Data-Driven marketing: A Love/Hate Relationship, By Nour Hamam
Why are marketers so engineered to be data-driven?
A lovely and insightful encounter with the team at Ogilvy (shout out to Joe Lipscombe and Kassandra for a lovely talk) part of our women in marketing group based in Dubai.
They highlighted the science behind consumer behavior and it was amazing to learn why are we as marketers are engineered to be data driven
Joe gave a great example of a day care fine being imposed to avoid tardiness in picking up the kids, the day care was expecting parents not to be late anymore once they did that, (as a daycare isn’t economically sustainable to keep kids waiting as it requires hiring more staff) however it was just the opposite, why? It was because they put a price on it, making it justifiable to be late.
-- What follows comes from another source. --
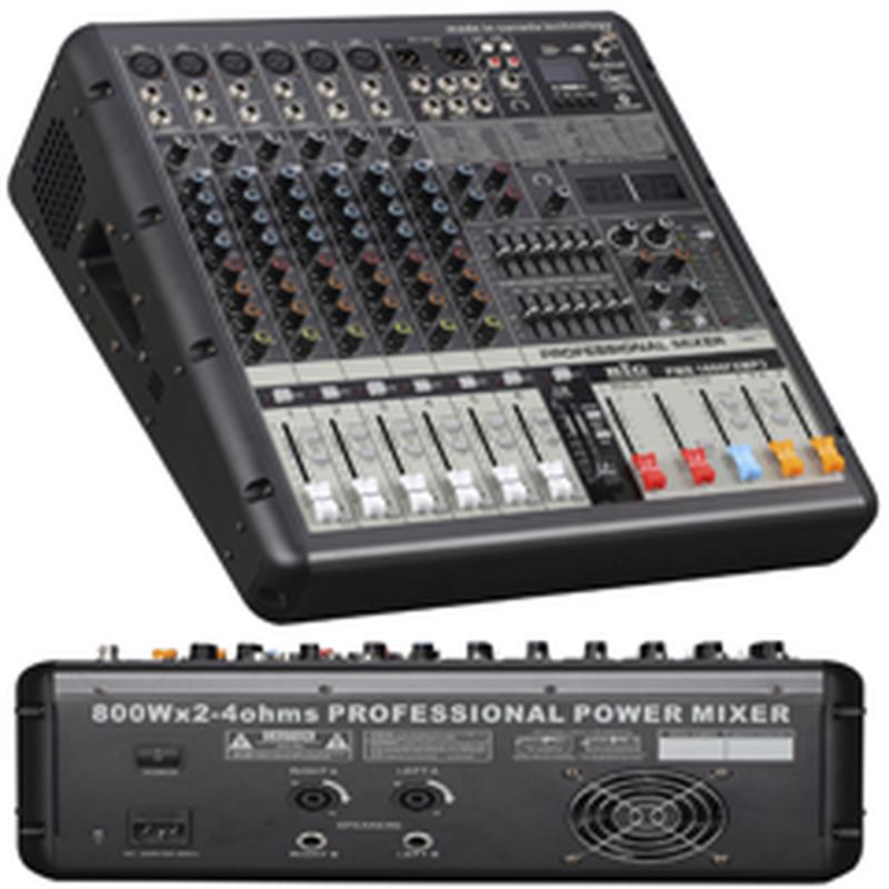 Силовий мікшерський пульт (мікшер із вбудованим підсилювачем) ВИРОБНИЦТВО КАНАДУ Найновіша розробка відповідно до найжорсткіших вимог до якості Підсилювач- Удосконалений класичний підсилювач із використанням SMD технологій АВ клас, тороїдальний блок живлення, бі полярні транзистори Потужність - 2*800Вт(4ом) 2*400Вт(8ом) Частота відтворення – 20гц-20кгц Примусове охолодження з повним набором захисту Вихідні роз\'єми-Спікон-Джек Мікшерський пульт- 6 моно універсальних каналів з використанням ДЖЕК-line КАНОН-mic 1 стерео канал із використанням 2-RCA Регулятор чутливості для кожного каналу Чотирьох смуговий темброблок для моно каналів Двосмуговий темброблок для стерео каналу 2*7ми смугий еквалайзер на кожен вихід Подвійний відбір на внутрішні ефект процесори Регулювання балансу для кожного каналу Відбір на монітори та суб групу Повзунковий регулятор гучності кожного каналу Подвійний ефект процесор Вбудовані подвійні 24біт 48кгц голосові ефект процесори Використовує покращені 2*99 DSP програм Hall/Chorus/Room/Delay/Rotary speaker/Plate/Flange/Vocal Регулятор параметрів для кожного ефекту Два повзункові регулятори рівня гучності для кожного з процесорів ефектів Вбудований MP3-USB -Блютуз плеєр з великим екраном та функцією запису Повзунковий регулятор гучності рівня MP3 Фантомне живлення для конденсаторних мікрофонів +48В 12-ти смугий лід індикатор вихідного рівня сигналу Підключення навушників з можливістю регулювання гучності та вибору каналу Повзункові майстер регулятори рівня загальної гучності лівий+правий

This is proof that data driven campaigns or ideas are not always the best way, as people are hackers, they will find ways to beat the systems thus creating a loop or misalignment in data! That will leave marketeers baffled as why their campaign didn’t perform as well.
A Mexican city came up with a “solution” to in an effort to tackle high pollution the program was called “Hoy No Circula”, by banning certain plate number or codes to drive on a certain day so for example if your car starts with code “A” you couldn’t drive on Saturday and if it starts with code “B” then on Sunday, (This is also used in high population volume cities like Beijing) hoping it would be a solution to the increased number of pollution, the opposite happened! People found a way to hack the programme by getting second cars that released more emissions!
Another case Joe gave was the story behind Uber, the famous car sharing app, the reason behind its massive success? Giving people control!
At a tap of a button people could control when the Uber would arrive, what kind of car and the destination! When broken down like this it makes sense, for those who were born 90’s and 80’s (millennials) would know, hailing a taxi would be the worst experience because there is no time frame, leaving the person frustrated to not know the arrival or destination.
Another interesting example was an interview from the 1950’s was Salvador Dali, the great surrealist artists behind the painting “Persistence of memory”, in a interview gave he said that he used to sleep with a wooden spatula in his mouth that would leave a “clank” when dropped, and as soon as he woke up he would jot or paint what he saw in his dreams. The state of this is called “hypnagogia”- the thing you experience between sleep and awake. The self proclaimed eccentric artist was way ahead of his time since the 1950’s.
Fostering an environment of creativity is no easy task at an agency that relies solely on data, when the senior directors or the board of an agency demand to see data driven results, remind them of this story by the surrealist artist Salvador Dali!